The Digital Tipping Point: an open source documentary

We met Christian Einfeldt during our visit in the Bay Area and asked him to describe his movie project, an open source documentary based on interviews with many digital and ‘free software’ pioneers.

Christian:

I am producing a film called the Digital Tipping Point. The DTP is a film library project and a documentary film project that strives to do three things: 1) build a great collection of video about the new human renaissance that Free Open Source Software (FOSS) will bring to the world; 2) build a movie-in-a-box out of the 5 best hours of that footage; 3) create an entertaining, informative documentary out of that library. The film will show how Free Open Source Software is in the process of creating an explosion of creativity, literacy, and scientific advancement. The target audience is Windows users. We want to make the film sufficiently fun that even Windows users will be entertained.

We have filmed many dignitaries such as Christian Ude (the Mayor of Munich), Hermann-Josef Pelgrim (the Mayor of Schwaebisch Hall), Gilberto Gil (the Culture Minister of Brazil), and Luiz Millan Vazquez de Miguel, (the Extremaduran Minister of Science, Education), and Jimmy Wales, the founder of Wikipedia. Our film is the first feature length documentary to be built on-line out of fully forkable footage released under a Creative Commons Attribute-ShareAlike license on the Internet Archive.

You can see our raw video here, where we currently have 59 hours of raw video. This video will need to be re-rendered for most applications other than casual watching, as it is our “source code”.

Our keyword search index page is the place to go to find specific persons or themes for our footage.

The interesting thing is that just today, a major studio announced that they are going to start giving away parts of their films for free, as teasers. But we are way ahead of them in that regard — we are not only giving our footage away, we are inviting peer 2 peer production of the film by our community.

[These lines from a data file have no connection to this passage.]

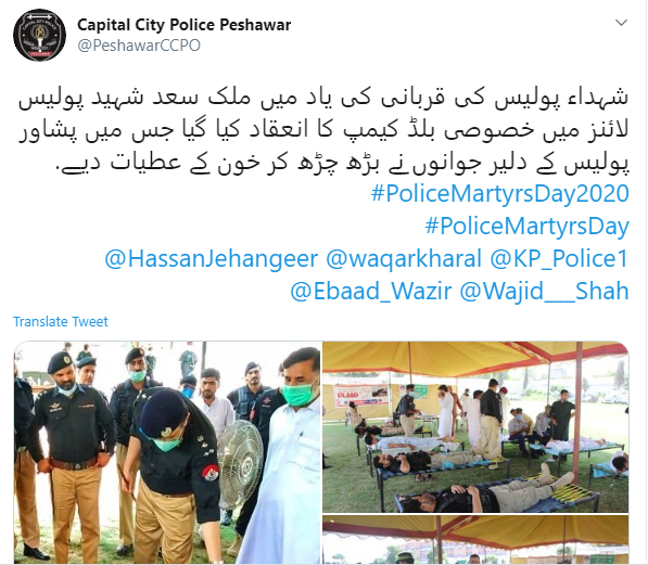 بڑے شہروں میں پولیس کے زیراہتمام خون کے عطیات کے لیے کیمپ بھی لگائے گئے۔ پشاور پولیس نے ایسی ہی سرگرمی کا انعقاد کیا تو اسے اپنے ٹوئٹر اکاؤنٹ پر شیئر بھی کیا۔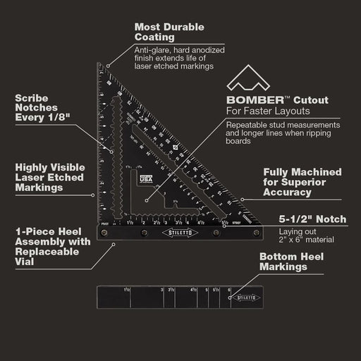 StilettoThe STILETTO® 7” Carpenter Square with Level is designed with more layout notches to help build and level faster. Additional notches aid in laying ...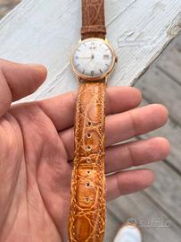 Elegante orologio Tissot Visodate vintage anni ’50/’60, con cassa placcata oro ref. 56000-2. Movimento meccanico a carica manuale Tissot cal. 27B-621, noto per affidabilità e qualità costruttiva. Quadrante classico con datario Visodate, design pulito e senza tempo. Orologio originale, ideale per collezionisti o appassionati di segnatempo svizzeri d’epoca.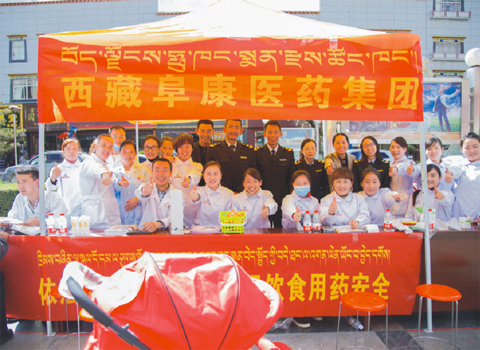 2016年10月14日上午,西藏阜康醫(yī)藥發(fā)展有限公司組織16名醫(yī)護(hù)人員于拉薩市宇拓路迎賓館旁建立免費(fèi)義診宣傳點(diǎn),積極參加由拉薩市食品藥品監(jiān)督局牽頭組織的“全國安全用藥月”主題宣傳活動,宣傳藥物濫用的危害、普及安全用藥知識、引導(dǎo)廣大社會群眾樹立安全合理用藥的意識,同時免費(fèi)為過往的群眾測血壓、血糖,免費(fèi)看病及發(fā)放維生素、鈣片、風(fēng)濕及心腦類等價值一萬兩千余元藥品。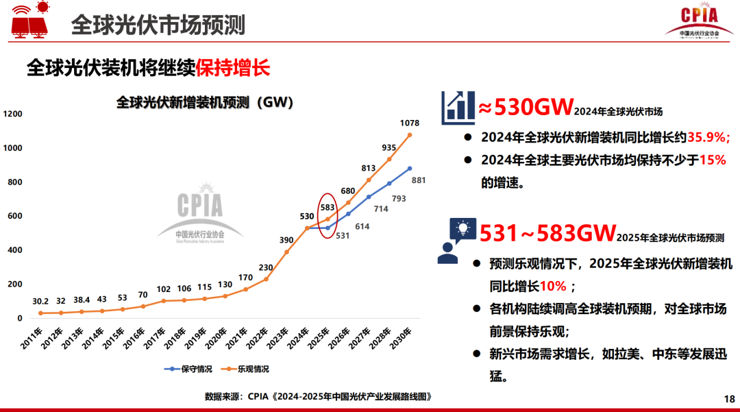 王勃華預(yù)測,2025年,全球光伏新增裝機531~583GW,樂觀情況下同比增長10%,我國新增裝機215~255GW。拉美、中東等新興市場發(fā)展迅猛,或?qū)硇碌臋C遇。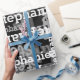 Fontes modernas em tons de cinza, preto e branco. O nome do garoto de aniversário por todo esse papel empolgante. Correspondência de fontes com nome próprio ou palavra escolhida repetida. Papel de presente enfeite qualquer presente de aniversário.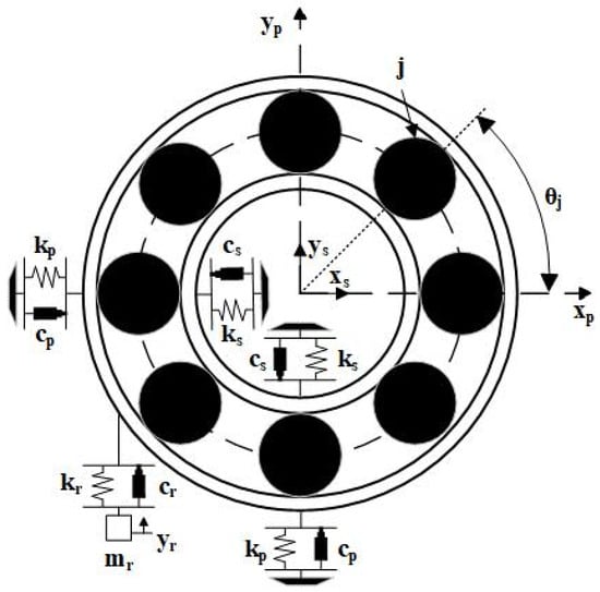 The five-degree-of-freedom (5-DoF) bearing dynamics model describes the nonlinear dynamic behavior of the bearing, as shown in Figure 3.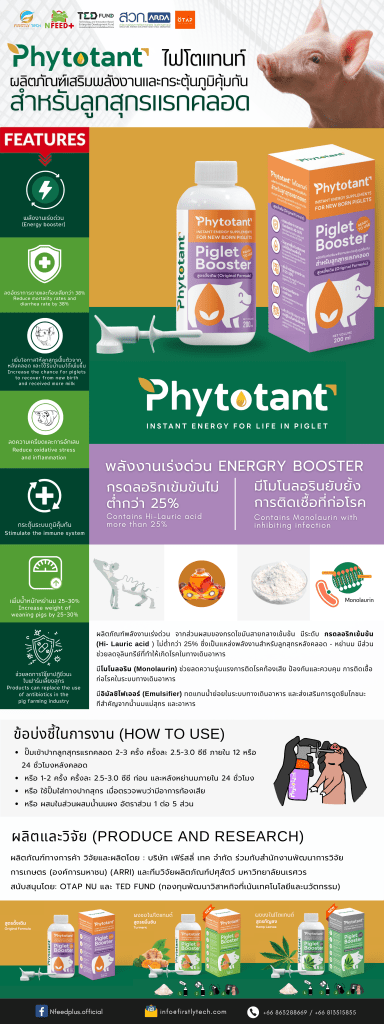 ผลิตภัณฑ์พลังงานเร่งด่วนสำหรับลูกสุกร ช่วยลดอาการท้องเสีย มีส่วนประกอบของกรดลอริกเข้มข้น โมโนลอริน และมีสารสกัดจากสมุนไพร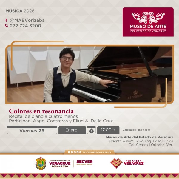| .- Xalapa, Ver., jueves 22 de enero de 2026.- La Secretaría de Cultura de Veracruz invita al recital de piano Colores en resonancia, este viernes a las 17:00 horas, en el Museo de Arte del Estado de Veracruz (MAEV) ubicado en Orizaba. La entrada es libre.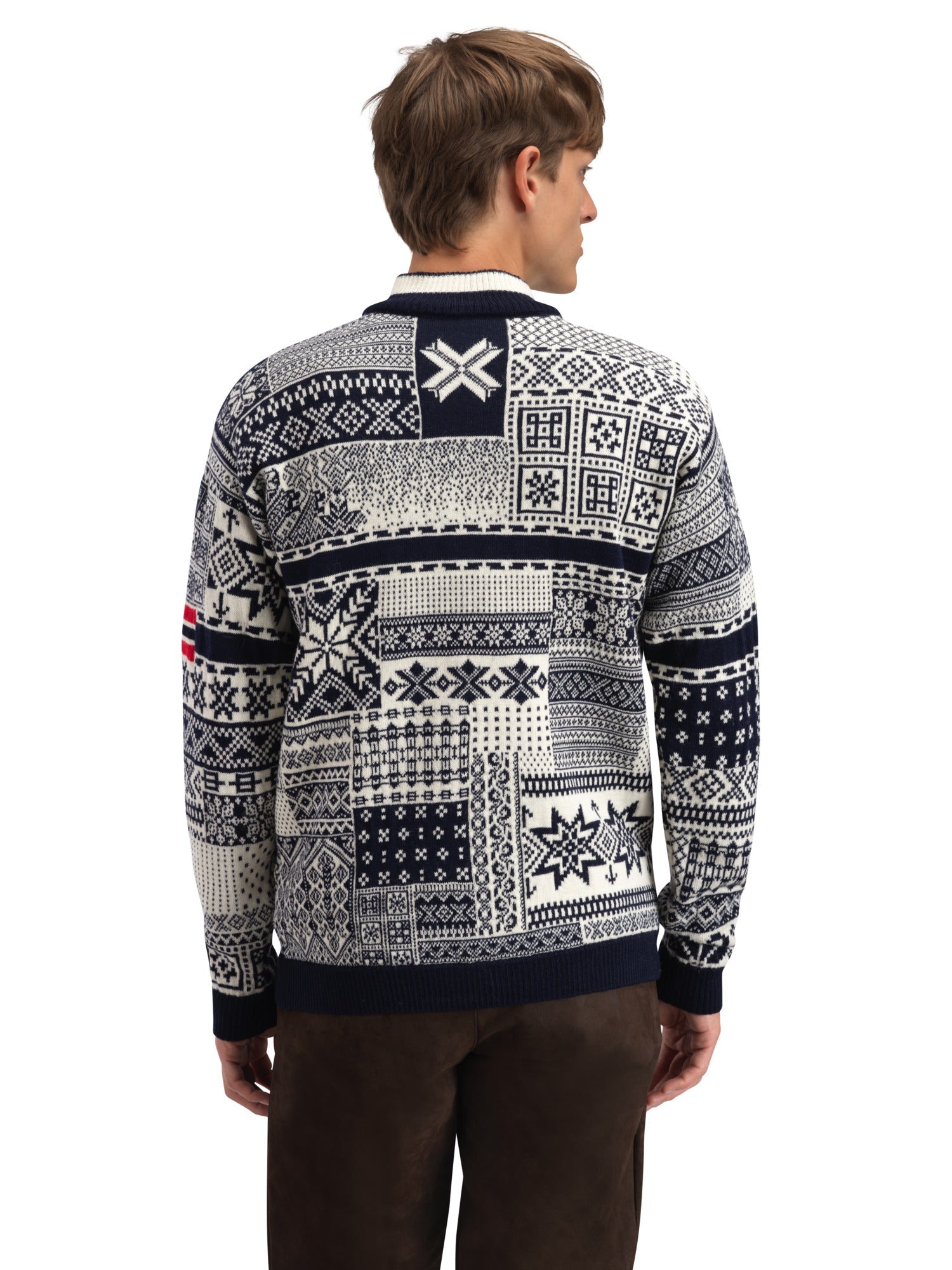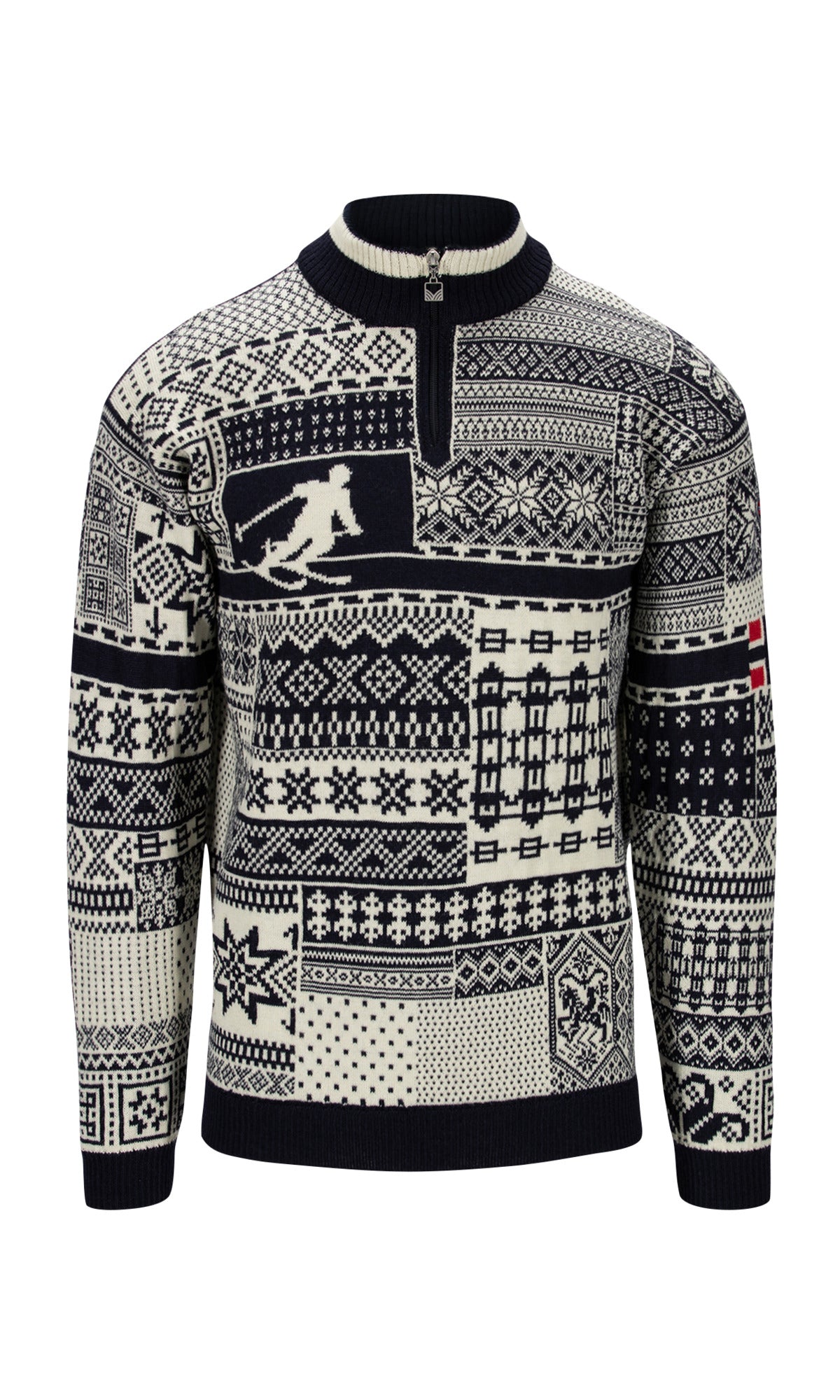 The History Sweater by DALE OF NORWAY for men is a playful homage to Olympic history and is made from fine Norwegian wool from the very first shearing of sheep.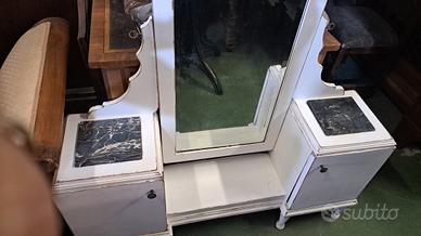 toletta liberty primi 900 shabby piano in marmo nero misura 115x29 altezza 140. I bussolotti laterali misurano 32x28 altezza 60. Ottime condizioni....M&P Antichità siamo un negozio specializzato in antiquariato vintage e shabby vendita al dettaglio e all ingrosso scarichi settimanali oltre 500 articoli in negozio, abbiamo una vasta scelta di como comodini tolette armadi letti vetrine vetrinette credenze servanti angoliere librerie tavoli tavolinetti sedie poltrone poltroncine divani lampade lampadari tappeti scrivanie scrittoi secretere ribaltine consolle quadri cornici specchi cassapanche bauli oggettistica varia idee regalo e molto altro ci troviamo a Roma zona Castelverde via Massa San giuliano 26b POSSIBILITÀ DI CONSEGNA E SPEDIZIONE IN TUTTA ITALIA

Doc Searls said in his Digital Tipping Point interview that open source is what happens when the demand side supplies itself, and that is what we are doing.

But this is our first film, and I am an attorney, not a filmmaker, and so I am sure we have made lots of mistakes. But the Digital Tipping Point is a digital tipping point — we hope to show that amateurs will be able to use peer 2 peer production methods to compete with major studies in certain market segments. We are seeing high segmentation of the market due to YouTube and the thousands of others online video sites. There will always be a demographic that insists on a big screen experience, but already we are seeing that the small screen has lots of appeal due to the high volume of highly differentiated and original videos showing up on the Internet.”

2 Comments The Digital Tipping Point: an open source documentary

  1. AvatarMike Bettancourt

    Make sure you Google “Jimmy Wales” on Google News and include the recent Wikipedia scandals (sex, edits-for-cash, embezzlement).

  2. AvatarFranz Nahrada

    I looked at the footage with the hope to find as many elements of a true open source movie aa poaaible. Although the approach is great I have some questions:

    – Is there any available footage besides the compressed clips? In a quality that really could be included in an alternate production? And how could this be financed?

    – How many people are allready involved in the transciptions? Why is the Wiki so heavily spammed?

    My general impression is that still problems of truly cooperative production are underestimated. This project is a fantastic opportunity to study the difficulties of expanding the free software paradigm to other domains of human creativity and production.

    My special approach to this is to emphasize on the necessity to standardize and agree on general procedures that make it easier for produsers to take part. I completely understand that this is still an enormous task, and that the glass is not empty any more , but it also is not full yet.